EP Review: Slower - Slower
Reviewed by Carl Black
“On our last record, we did a song that has three verses, three choruses and two guitar solos and it’s only one and a half minutes long. Anything faster than that would just be…….silly.”
(Tom Araya, BBC Arena Documentary, 1988.)
Slayer songs played extremely slow. An interesting premise dreamed up by Bob Balch, the main man of Fu Manchu, while he was adapting his guitar teaching to a young man wanting to play South of Heaven. Bob’s pupil couldn't quite grasp it at full speed so he was shown the same song, only slowed down to help him learn. A light bulb moment came on and Slower were born.
The description filled me with curiosity on many levels. Slayer riffs are technically brilliant but some of the excellence can be extinguished because of the extreme speed.
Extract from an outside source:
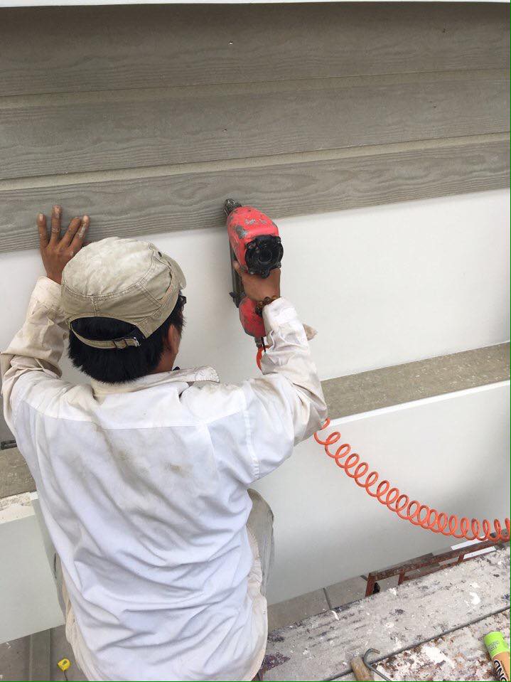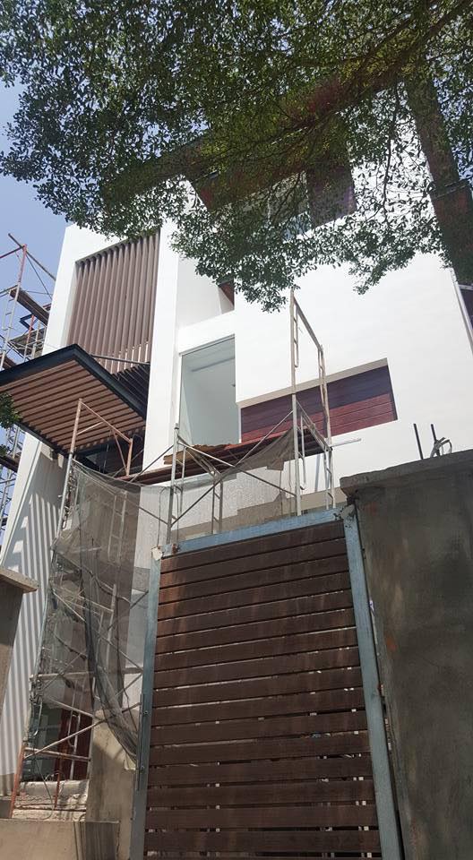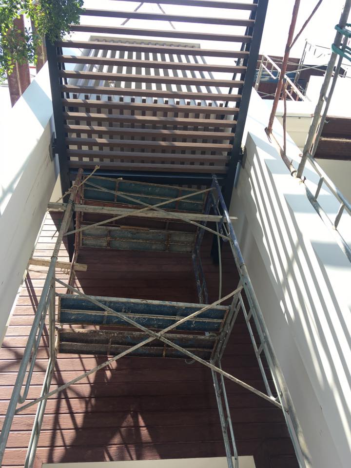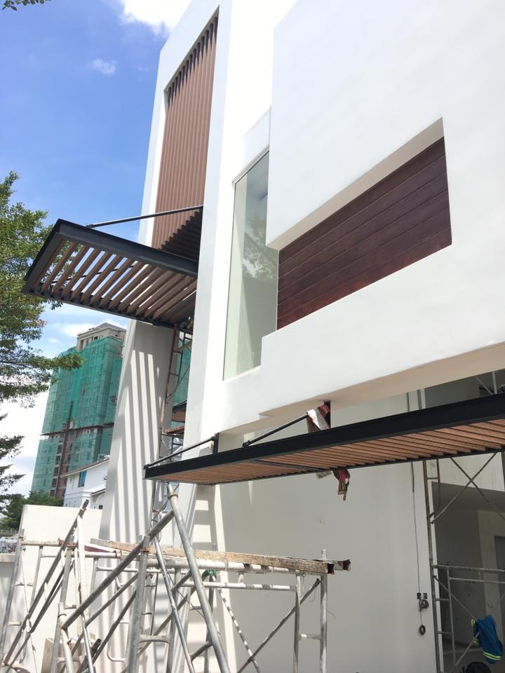 Cty Trường Khang Phúc chúng tôi nhận thi công , trang trí toàn bộ mặt tiền cho căn biệt thự trên với các hạng mục sau : vách , trần seno , decking sàn xi măng vân gỗ conwood ( Thái Lan ) và tất cả các hệ lam treo ( khung thép lam gỗ nhựa Nhật Bản ) + lam vách + cổng cửa .

Will we finally get to hear that eloquence through the slowdown versions or is this just a rubbish novelty record that deserves its place in the bin?
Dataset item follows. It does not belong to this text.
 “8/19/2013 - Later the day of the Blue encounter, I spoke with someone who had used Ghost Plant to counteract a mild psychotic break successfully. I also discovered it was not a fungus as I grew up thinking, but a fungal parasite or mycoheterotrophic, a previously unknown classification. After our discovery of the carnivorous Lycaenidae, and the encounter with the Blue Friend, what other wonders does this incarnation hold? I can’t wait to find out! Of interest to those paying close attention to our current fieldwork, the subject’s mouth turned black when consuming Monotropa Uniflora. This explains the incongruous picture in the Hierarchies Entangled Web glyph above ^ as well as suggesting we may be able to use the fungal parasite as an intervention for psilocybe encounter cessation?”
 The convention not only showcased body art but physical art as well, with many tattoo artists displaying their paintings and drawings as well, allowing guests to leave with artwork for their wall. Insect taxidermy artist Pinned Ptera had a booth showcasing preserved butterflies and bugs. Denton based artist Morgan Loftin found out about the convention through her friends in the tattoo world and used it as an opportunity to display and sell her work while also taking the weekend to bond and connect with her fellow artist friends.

Slower certainly hit the mission statement. All the Slayer songs here are absolute classics and ones which we can recognise instantly. Fuzzy, driving guitars and trippy, dreamy vocals drench each song. The album opens with a ten minute plus version of War Ensemble followed by an eight-minute version of The Antichrist. We get some earnest double bass drumming with Hawkwind weirdness. Blood Red is more accessible and could be a single release. Dead Skin Mask suits the style as the macabre subject matter and more melodic riffs seem to blend well with the slower, stoner style. South of Heaven closes out an interesting forty minutes.
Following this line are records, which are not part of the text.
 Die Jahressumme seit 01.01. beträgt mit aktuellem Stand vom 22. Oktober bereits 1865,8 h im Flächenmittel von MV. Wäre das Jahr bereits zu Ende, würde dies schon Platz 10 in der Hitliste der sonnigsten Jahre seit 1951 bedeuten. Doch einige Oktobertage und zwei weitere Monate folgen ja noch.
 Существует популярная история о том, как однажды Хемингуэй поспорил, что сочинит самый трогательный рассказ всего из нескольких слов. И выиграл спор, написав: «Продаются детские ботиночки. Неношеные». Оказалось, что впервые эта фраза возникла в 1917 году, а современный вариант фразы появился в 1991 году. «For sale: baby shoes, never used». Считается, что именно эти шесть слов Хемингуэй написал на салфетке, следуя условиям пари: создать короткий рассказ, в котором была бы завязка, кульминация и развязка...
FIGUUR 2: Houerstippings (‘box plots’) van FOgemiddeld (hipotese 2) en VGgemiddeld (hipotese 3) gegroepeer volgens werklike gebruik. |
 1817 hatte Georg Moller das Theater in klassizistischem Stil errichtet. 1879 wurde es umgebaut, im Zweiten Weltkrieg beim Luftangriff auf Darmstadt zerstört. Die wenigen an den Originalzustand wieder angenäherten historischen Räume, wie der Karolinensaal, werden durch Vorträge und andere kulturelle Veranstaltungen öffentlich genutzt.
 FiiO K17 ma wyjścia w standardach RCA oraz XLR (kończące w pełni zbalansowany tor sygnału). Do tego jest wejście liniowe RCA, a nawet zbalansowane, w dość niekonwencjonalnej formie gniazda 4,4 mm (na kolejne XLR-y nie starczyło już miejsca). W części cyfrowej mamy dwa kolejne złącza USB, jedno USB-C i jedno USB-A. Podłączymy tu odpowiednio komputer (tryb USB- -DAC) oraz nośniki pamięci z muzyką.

After listening to this a couple of times, having not had the real Slayer for a few years now, it made my yearning for Tom Araya to come out of retirement even more painful. It also got me thinking… why am I listening to this when I've got real Slayer records to listen to. Ultimately this record enters in the novelty spectrum. I certainly don’t need this in my life, however I do need Slayer. It's not disrespectful as it is recorded by bona fide Slayer fans, but I'm not convinced the hardcore Slayer army will support this record, band or premise.